Potentially tipping the scales of that balance is today's Special Representative Meeting of the BMA, which is streamed online from 10.30 with unlimited access here.

As I have said before, the BMA leadership's aim is not to be compelled by their internal Hammer-And-Sickle Tendency into blanket, outright opposition to the Bill. The Lib Dem policy shift should give them the air cover to successfully argue that there is no longer a clear Bill to oppose.

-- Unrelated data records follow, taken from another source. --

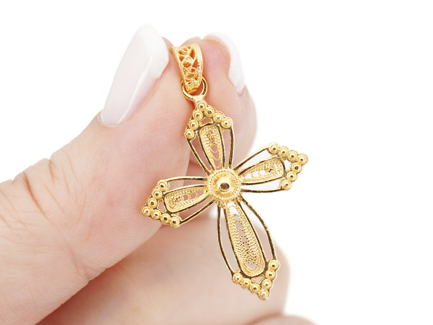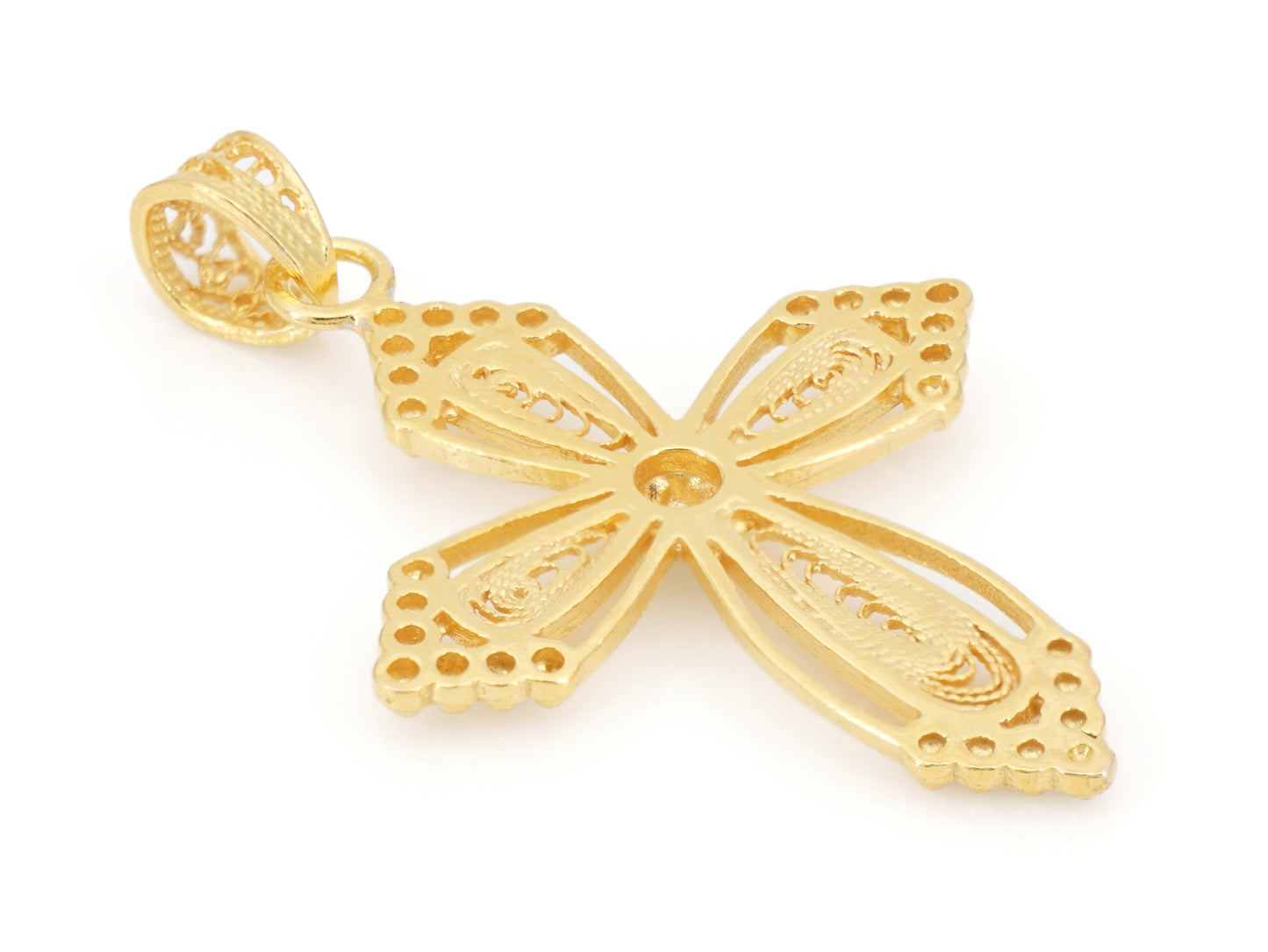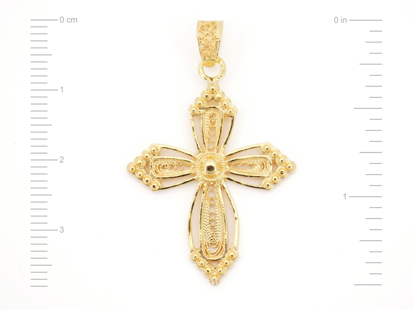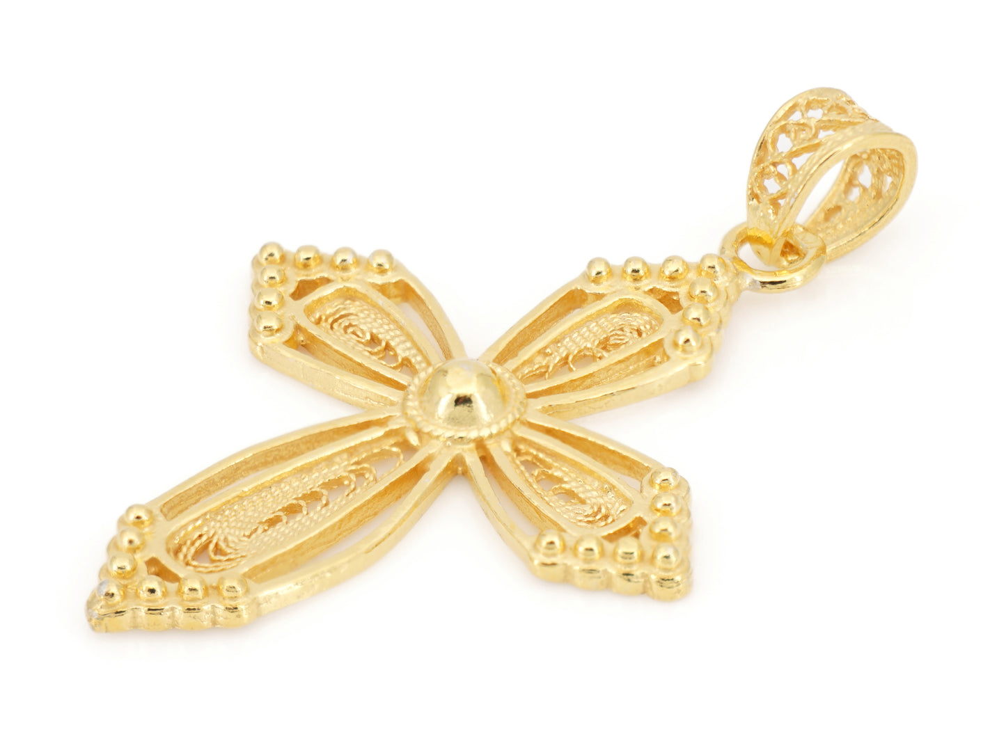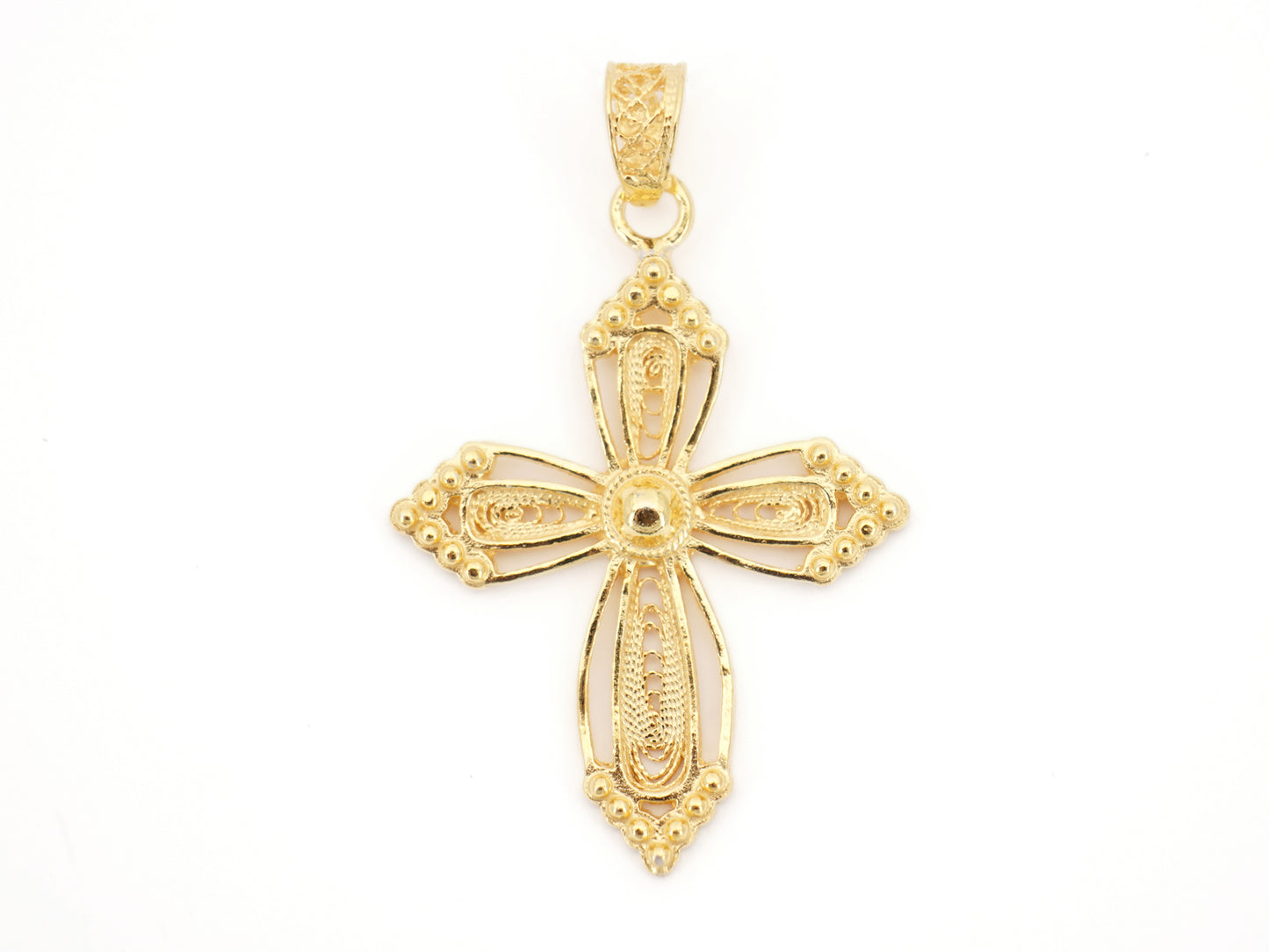 Elegante Medalha Cruz em Filigrana Portuguesa, feito em Portugal em Prata de Lei 925, com Banho de Ouro.
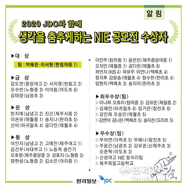 [알림] 생각을 춤추게하는 NIE 공모전 수상자
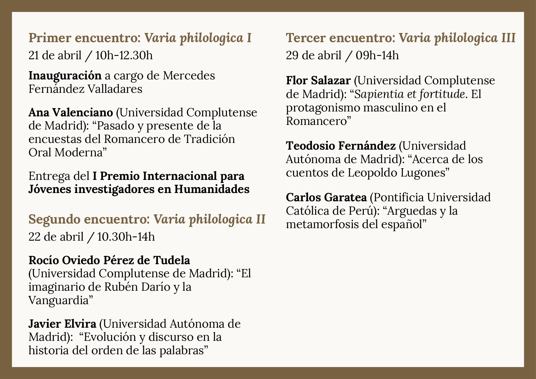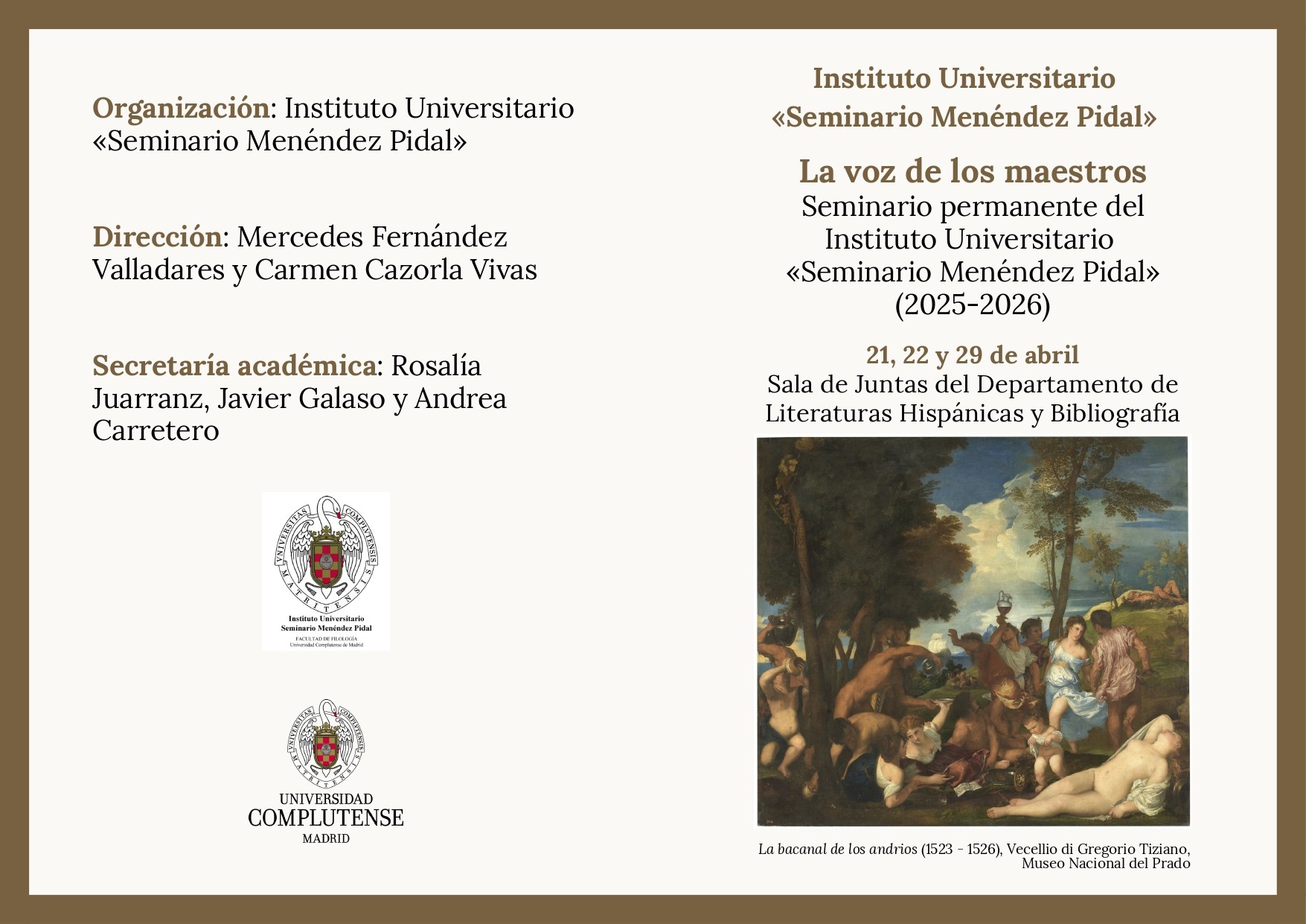 Ver imagen más grande Seminario Permanente del IUSMP: «La voz de los maestros» 21, 22 y 29 de abril de 2026 Sala de Juntas del Departamento de Literaturas hispánicas y Bibliografía Facultad de Filología (Edif. D) Asistencia presencial o en línea (previa inscripción) Enlace al cartel y al programa fmp-ghezzi-20202026-04-20T09:46:28+00:00 . FacebookTwitterWhatsAppCorreo electrónico Artículos relacionados «Conservar los ideales educativos de la JAE en la Segovia de la Guerra Civil. La familia Menéndez Pidal Goyri (1936-1939)», por Elena Gallego abril 20th, 2026 | Sin comentarios Presentación del libro «Romancero complutense» abril 16th, 2026 | Sin comentarios Jornada Científica y Exposición fotográfica: «Un álbum fotográfico para el Comisario Regio. El primer viaje a América de Ramón Menéndez Pidal» abril 13th, 2026 | Sin comentarios Exposición de Juan Higueras y Alessandro Taiana abril 12th, 2026 | Sin comentarios Deja tu comentario Cancelar la respuestaComentar Guardar mi nombre, email y sitio web en este navegador para la próxima vez que comente.
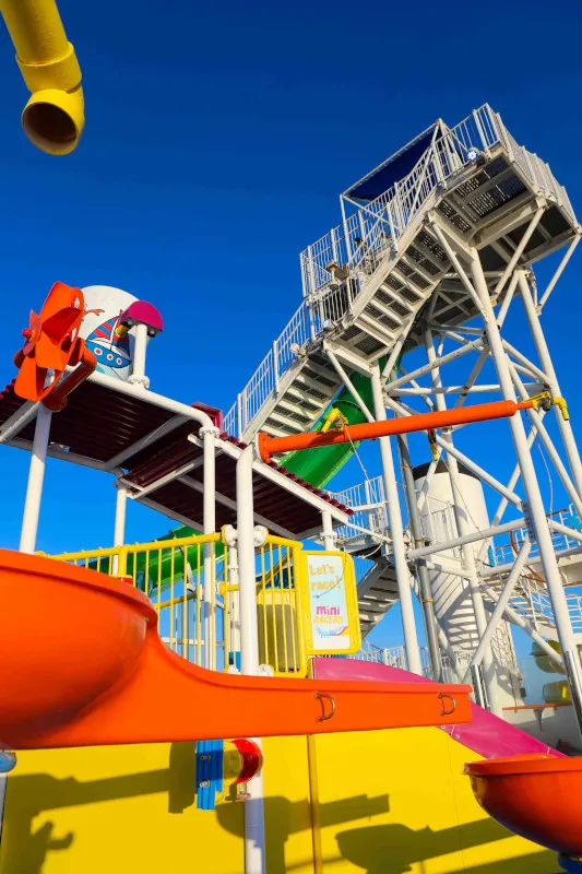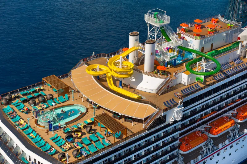 The Carnival Legend boasts several swimming pools and whirlpools, making it perfect for those looking to soak up the sun. The Green Thunder Water Slide, a thrilling waterslide, is a favorite among thrill-seekers.
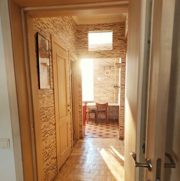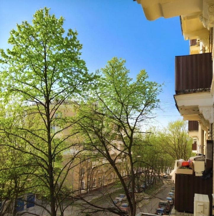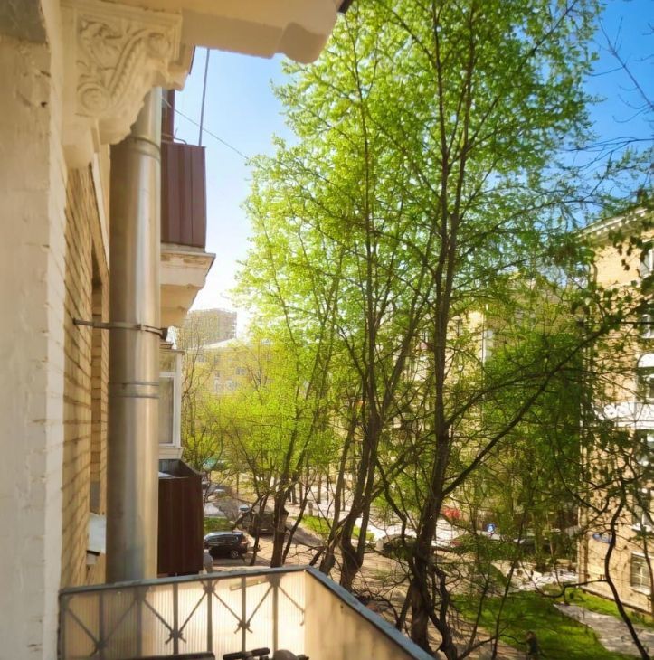 Квартира на 2й Песчаной улице — сталинская с высокими потолками (3 м), большими окнами и балконом. Вид на зелёные дворы и старые липы, тихо, без столичного шума. Планировка с изолированной комнатой и раздельным санузлом: спальня с паркетом в ёлочку и лепными карнизами, просторная кухня и прихожая после ремонта, обои с декоративным камнем, большая ванная. Толстые кирпичные стены обеспечивают теплоизоляцию и стабильный микроклимат. Рядом сквер с фонтаном ГеоргиуДеж (1955 г.) и старинные парки.
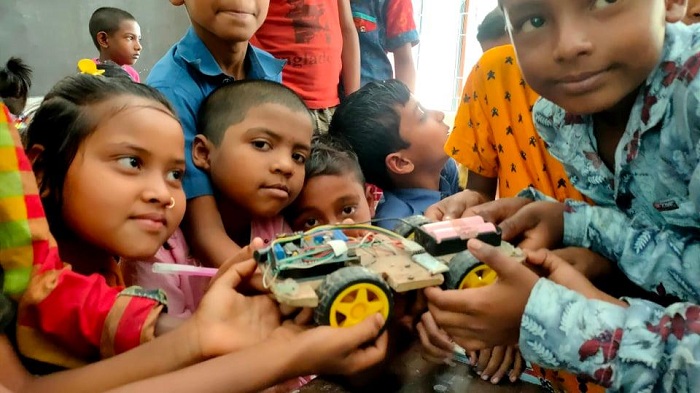 দক্ষিণাঞ্চলের (পিরোজপুর) বলেশ্বর নদী তীরবর্তী জেলে জনগোষ্ঠীর শিশুদের জীবনমান উন্নয়ন, তাদের মৌলিক অধিকার নিশ্চিত, নিজস্ব সংস্কৃতি বিকাশ ও তথ্যপ্রযুক্তিতে দক্ষ করার পাশাপাশি তাদের জন্য বিভিন্ন সুযোগ সৃষ্টি করতে কাজ করে যাচ্ছে হাতে খড়ি ফাউন্ডেশন। দারিদ্র্য এ জনগোষ্ঠীর শিশুরা শিক্ষাসহ বিভিন্ন সুযোগ-সুবিধা থেকে বঞ্চিত যার ফলে সামাজিক ভাবে তারা বৈষম্যের শিকার হচ্ছে। সমাজের অন্যদের সাথে বৈষম্য দূরীকরণে তাদের জন্য কাজ করছে হাতে খড়ি ফাউন্ডেশন। এরই ধারাবাহিকতায় হাতে খড়ি ফাউন্ডেশনের ‘ডিজিটাল ভিলেজ’ মাধ্যমে বলেশ্বর নদী তীরবর্তী শিশু শিক্ষর্থীদের জন্য আয়োজন করা করে হয়েছে বিজ্ঞান ও প্রযুক্তি মেলা। মঠবাড়িয়ার জেলেপল্লীর সুবিধাবঞ্চিত শিশুদের নিয়ে বিজ্ঞানমেলার এই আয়োজন করা হয়। এই মেলায় অংশ নিয়েছে তরুণ উদ্ভাবকরা। গত সোমবার সকাল ১০টায় শুরু হওয়া মেলাটি চলে দুপুর ১টা পর্যন্ত। আয়োজকেরা জানান, হাতে খড়ি ফাউন্ডেশনের বিজ্ঞান শিক্ষা উদ্যোগ ‘ডিজিটাল ভিলেজ’-এর অধীনে বর্তমানে বেশকয়েকটি বিদ্যালয়ের প্রাথমিক স্তরের সুবিধাবঞ্চিত শিক্ষার্থীদের বিজ্ঞান সম্পর্কিত বিভিন্ন বিষয় শেখানো হচ্ছে। প্রতিবছর এই বিজ্ঞানমেলার মাধ্যমে শিক্ষার্থীদের সুপ্ত প্রতিভা বিকাশের সুযোগ এবং তাদের উৎসাহ প্রদান করা হয়। বিভিন্ন প্রযুক্তির অভিনব গঠন বিভিন্ন প্রজেক্টে নিজেদের সৃষ্টিশীলতার প্রকাশ, প্রযুক্তির এমন বিবিধ ব্যবহার দেখতে খেজুরবাড়িয়া সরকারি প্রাথমিক বিদ্যালয়ের মেলা প্রাঙ্গনজুড়ে ছিল আগ্রহী শিক্ষার্থী ও অভিভাবকদের ভিড়। আয়োজিত এ উৎসবে শিক্ষার্থীদের বিজ্ঞান প্রজেক্ট, কুইজ প্রতিযোগিতা, প্রশ্নোত্তর পর্ব, বিজ্ঞানবিষয়ক আলোচনা, বিজ্ঞানের মজার বইয়ের সঙ্গে পরিচিতি করে দেওয়া হয়। হাতে খড়ি ফাউন্ডেশনের প্রতিষ্ঠাতা পরিচালক রুবেল মিয়া মনে করেন, এ রকম বিজ্ঞান উৎসব শিক্ষার্থীদের আত্মবিশ্বাস অনেকগুণ বাড়িয়ে দেবে। এসময় উপস্থিত ছিল সংগঠনের প্রতিষ্ঠাতা ও সভাপতি সুমন মিস্ত্রী সজিব, কেন্দ্রীয় কমিটির সাধারণ সম্পাদক সৌরভ হাওলাদার নীল, উপজেলা শাখার সভাপতি পলাশ বৈরাগী, সুস্মিতা অধিকারী, দ্বীপ দেবনাথ, সৌরভ বেপারী, দুর্জয় তালুকদার প্রমুখ।
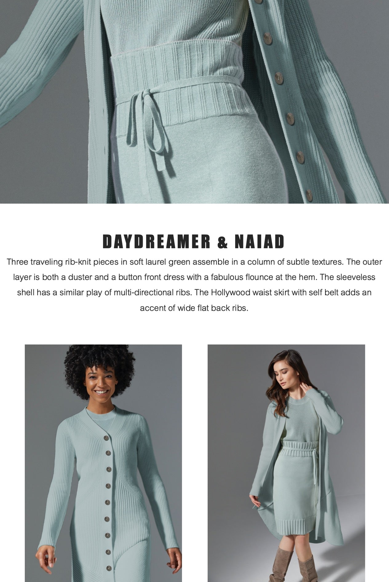 Neutral woven and knit pieces exude excitement through emphatic pattern. They include understated shade-blocking, a herringbone print, an abstract foliage print, and a wild ocelot knit jacquard. However, the colors are soft and subtle, from three tones of gray to a dusty laurel green. You can opt to make a strong statement by keeping these pieces together or enhance their versatile neutrality with a saturated bright.

We've got the text of BMA chair Dr Hamish Meldrum's highly effective, ovation-winning speech online here. From the bits I could see, the room appears minded for a fight with the Government, but perhaps not total opposition.

And the Commons health select committee continues its inquiry into commissioning, with an evidence session hearing from John Black (President, Royal College of Surgeons of England), Alwen Williams CBE (Chief Executive, East London and the City Alliance PCT cluster,) Dr Paul Hobday GP, and Sean Boyle (Senior Research Fellow, London School of Economics),
Suzanne Tracey (President, Healthcare Financial Management Association), Noel Plumridge, independent consultant, Andy McKeon (Managing Director for Health, Audit Commission) and Professor Margaret Whitehead (Professor of Public Health, University of Liverpool). This is streamed online here from 10.30.

And fans of NHS Supreme Soviet Chair Comrade Sir David Nicholson, which I know you all are, can find him explaining NHS procurement to the lucky, lucky PAC here.

Another Bad Day for Andrew Lansley
I feel like I've used that sub-head a million times, but you'll already have seen that his farcical public health responsibility deal has been holed below the water: yesterday by almost all the major public health bodies on the alcohol strategy side, and today by Diabetes UK and the British Heart Foundation on the obesity side, as The Guardian reports.

On the bright side, 170 supermarkets and some food manufacturers have apparently signed up to something that won't make them do much. Whoopee.

Might Our Saviour And Liberator feel his hand is strengthened by today's PAC report criticising NHS hospital productivity?

Perhaps, a little bit. However, he will also be aware that more productivity in acute settings in against the direction of travel, cost-wise. The report suggests that the funding increase has gone into quality more than into productivity.

Lansley will cling hard to the first part of its line that "the Department and an expert independent witness told the committee that although the risks to delivering savings have increased in light of the planned reforms, the reforms could increase its ability to improve productivity in some areas"; his opponents will clang hard to the second.

His critics will also cite the lines on "‘best practice tariffs to promote greater hospital efficiency. On the one hand, this tariff system could promote efficiency and productivity, but on the other hand could prioritise price over quality. The Department needs to set out how it will mitigate the risk that, with best practice tariffs and any increased price competition, hospitals may reduce the quality of service, or may decide not to provide some services".